Both Google and Facebook already know a lot about us and have built huge companies mining that data, but access to our actual spending habits would be the Holy Grail of advertising information. And internet users, while bemoaning the two internet behemoths, have nevertheless shown they are more than happy to share their most intimate details freely.

So don't be at all surprised, says Tluszcz, when Facebook starts offering remittances and payments inside its Messenger service. "Look who they hired to run that." David Marcus, who is in charge of Facebook's messenger service, is a former president of payments company PayPal. "That isn't a coincidence."

Is there anything that London's fintech companies can do to compete?

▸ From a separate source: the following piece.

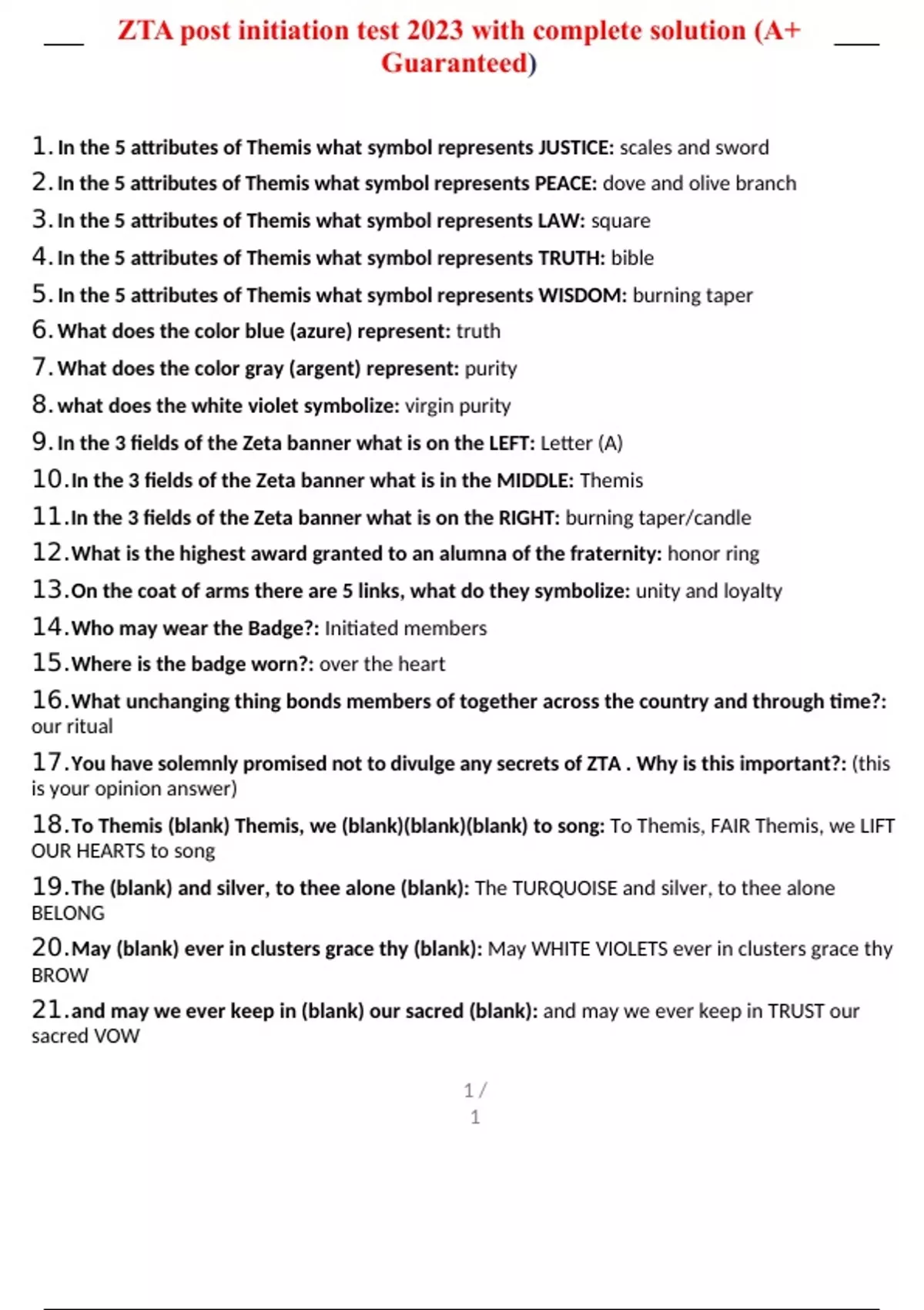 1. In the 5 attributes of Themis what symbol represents JUSTICE: scales and sword 2. In the 5 attributes of Themis what symbol represents PEACE: dove and olive branch 3. In the 5 attributes of Themis what symbol represents LAW: square 4. In the 5 attributes of Themis what symbol represents TRUTH: bible 5. In the 5 attributes of Themis what symbol represents WISDOM: burning taper 6. What does the color blue (azure) represent: truth

Yes, says Tluszcz. Be truly innovative. "We missed an opportunity because we were not creative enough on our business models. A little bit cheaper never works to build world-beating businesses.

"London has a great role to play, but largely driven by people like us, we have funded niche players that can never be big. The current crop are not disruptors, and that is a fact of life. That is sad, but there will be another generation of companies that will come up, and one of those will be a disruptor."